My favorite proof that $e$ is irrational goes something like this. Observe that we can write any real number $r$ as $$ a \,+\, \frac{b_2}{2} \,+\, \frac{b_3}{3!} \,+\, \frac{b_4}{4!} \,+\, \frac{b_5}{5!} \,+\, \cdots $$ where $a\in\mathbb{Z}$ and each $b_n\in\{0,1,\ldots,n-1\}$. This is the expansion of $r$ in the factorial number system, where $b_n$ is the $n$'th "digit". In particular, $$ a \;=\; \lfloor r\rfloor\qquad\text{and}\qquad b_n = \big\lfloor n!\,(r-s_{n-1})\big\rfloor $$ for each $n$, where $s_n$ denotes the $n$'th partial sum of the above series.

It is easy to see that $r$ is rational if and only if this expansion terminates. Then $e$ must be irrational, since its expansion does not terminate: $$ e \;=\; 2 \,+\, \frac{1}{2} \,+\, \frac{1}{3!} \,+\, \frac{1}{4!} \,+\, \frac{1}{5!} \,+\, \cdots $$ Question: Can this proof somehow be modified to show that $e^2$ is irrational? It doesn't work straight off, since $2^n$ isn't in the range $\{0,1,\ldots,n-1\}$.

I'm also curious whether there are any other cases in which irrationality of an interesting number can be proven using a non-standard positional numeral system.

@Robert Israel was very close.

Assume $e^2=p/q$. Rewrite as $qe-pe^{-1}=0$, or $$2q+{q-p\over2!}+{q+p\over3!}+{q-p\over4!}+\cdots=0$$ This isn't exactly in the form of the expansion in the first paragraph of the question, but the numerators are bounded in absolute value, which is more than enough to make the proof go through.
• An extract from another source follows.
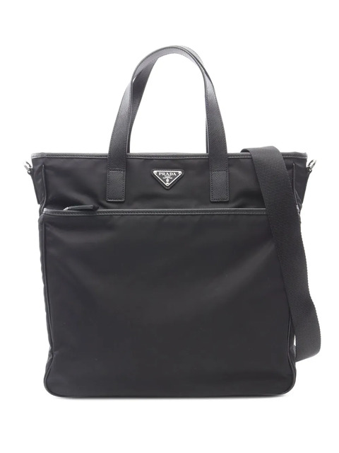 nylon body with saffiano leather trim flat leather handles detachable flat nylon strap top zip closure exterior front and back zip pocket interior zip and slip pockets black Inclusions: shoulder strap. Condition: EXCELLENT. This previously owned item is in near-perfect condition with no signs of damage or use. Due to the exclusivity of this item and its limited availability, processing and delivery might take longer than usual. Please refer to the photos on this product page for a detailed view of the item, including any damages declared.

Not quite $e^2$, but consider $x = a e + b/e$ for integers $a,b$ with $|b| \le a$. Then $x = \sum_{j=0}^\infty c_j/j!$ where $c_j = a+b$ when $j$ is even and $a-b$ when $j$ is odd. Write $x = r + y$ where $r = \sum_{j = 0}^{a+b} c_j/j!$ is rational and $y = \sum_{j=a+b+1}^\infty c_j/j!$ is a non-terminating expansion in factorial base, and thus is irrational. Therefore $x$ is irrational.